Last night we were watching the women’s 4X400 relay race and it was a classic. It came down to the last lap and the last few meters. The Russians were in the lead coming down the homestretch. Right towards the end of the race the camera caught the last Russian sprinter do something that likely cost her team the gold medal.

The sprinter took her eyes off the finish line and looked up to the video board to see how close the U.S. sprinter was. It was at that point that the Russian lost the race and the U.S. sprinter took control to win the gold for her team.
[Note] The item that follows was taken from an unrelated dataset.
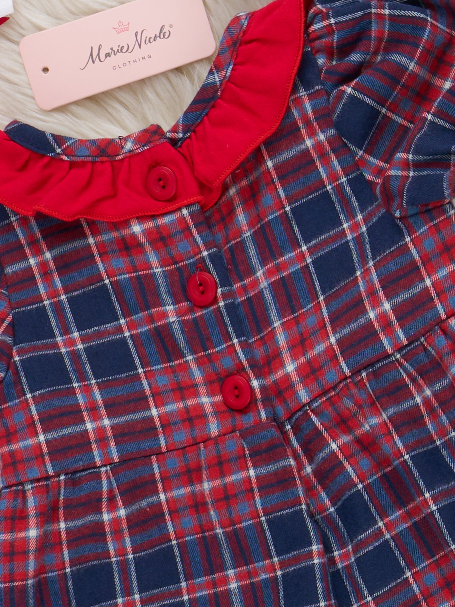 The Santa Spirit Smocked Flannel Overall Romper by Marie Nicole Clothing is a festive sleeveless flannel-fabric romper featuring hand-smocked Santa faces across the chest and accented with charming trimmed pockets. This classic plaid design offers a timeless holiday look—perfect for family celebrations, Christmas photos, and coordinating sibling outfits.

The exact same thing can happen in this market. Being careful with your trading and with your risk management strategies will be key in order to survive the next few weeks. I’m not even going to waste my time or energy trying to call a top or bottom under these conditions. It’s pointless in my opinion and it wouldn’t serve any purpose to how I actually trade the market. MIG, a broker from Switzerland made a bold call on the EUR/USD’s near-term range – 1.4300 to 1.7000. Now, that’s a way to take a stand and narrow things down…

It’s pretty simple… the markets are going to be razor thin between now and the first week of September. The price swings will likely be volatile and extended at times. Prices will be moved by data, commodities, Fed and ECB, and any geo-political events, so those are the areas I’m to stay focused on.

Be smart with your trades and please do not overlevarage.